Geohash1 is a geocoding2 system that encodes a geographic location into a short string of letters and digits. For example, geohash ezs42 encodes for an area around the coordinate with decimal longitude and latitude (-5.6, 42.6). Geohashes offer properties like arbitrary precision and the possibility of gradually removing characters from the end of the code to reduce its size (and gradually lose precision). As a consequence of the gradual precision degradation, nearby places will often (but not always) present similar prefixes. The longer a shared prefix is, the closer the two places are.

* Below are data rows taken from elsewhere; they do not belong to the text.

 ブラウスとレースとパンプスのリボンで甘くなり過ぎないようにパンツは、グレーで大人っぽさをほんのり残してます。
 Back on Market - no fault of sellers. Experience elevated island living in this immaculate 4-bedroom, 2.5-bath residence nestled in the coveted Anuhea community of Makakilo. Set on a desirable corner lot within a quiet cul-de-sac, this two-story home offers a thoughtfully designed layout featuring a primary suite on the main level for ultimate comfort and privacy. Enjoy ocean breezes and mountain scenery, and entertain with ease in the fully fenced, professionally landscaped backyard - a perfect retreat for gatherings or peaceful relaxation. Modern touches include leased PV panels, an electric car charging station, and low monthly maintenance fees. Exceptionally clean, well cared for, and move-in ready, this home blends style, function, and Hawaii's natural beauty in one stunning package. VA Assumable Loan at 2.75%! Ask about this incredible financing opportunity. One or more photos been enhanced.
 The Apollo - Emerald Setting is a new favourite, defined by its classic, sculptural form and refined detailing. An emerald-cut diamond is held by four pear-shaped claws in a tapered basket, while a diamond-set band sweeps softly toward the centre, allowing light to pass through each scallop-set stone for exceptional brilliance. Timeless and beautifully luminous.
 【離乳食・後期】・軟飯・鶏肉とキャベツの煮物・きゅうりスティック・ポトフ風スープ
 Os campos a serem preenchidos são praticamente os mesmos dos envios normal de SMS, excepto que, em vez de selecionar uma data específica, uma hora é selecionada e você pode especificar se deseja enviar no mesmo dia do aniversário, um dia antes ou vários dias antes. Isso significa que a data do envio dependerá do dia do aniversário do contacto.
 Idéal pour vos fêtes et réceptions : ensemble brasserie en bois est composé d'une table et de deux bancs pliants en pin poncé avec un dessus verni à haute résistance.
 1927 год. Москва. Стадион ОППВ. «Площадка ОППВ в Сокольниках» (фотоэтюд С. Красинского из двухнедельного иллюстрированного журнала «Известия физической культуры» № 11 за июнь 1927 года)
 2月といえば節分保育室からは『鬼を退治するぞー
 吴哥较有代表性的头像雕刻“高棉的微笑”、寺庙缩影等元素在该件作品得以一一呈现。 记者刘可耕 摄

Using the area around coordinate (-5.6, 42.6) as an example — indicated by a red marker on the world map below — here is how it is encoded as a geohash. First we divide the world map with a vertical line into two halves and represent each half with a binary value: 0 (left half) and 1 (right half). Because the location is in the left half, the first bit of the geohash is a zero (0).
To improve the resolution of the location, we subdivide the remaining area again in two halves. But now we use a horizontal line for the division and also indicate each half with a binary value: 0 (bottom half) and 1 (top half). Because the location is in the top half, the second bit of the geohash is a one (1).
We then subdivide the remaining area in two halves, but again use a vertical line. Because the location is in the right half, the third bit of the geohash is also a one (1).
By iteratively subdividing the remaining area in two halves — alternating between vertical and horizontal subdivisions — we double the resolution of the geohash in each step, but also make the geohash one bit longer.
Decode a given geohash into coordinate $$(\lambda, \varphi)$$ with $$\lambda, \varphi \in \mathbb{R}$$. The longitude $$\lambda$$ is in the interval $$[-180, 180]$$ and the latitude $$\varphi$$ in the interval $$[-90, 90]$$.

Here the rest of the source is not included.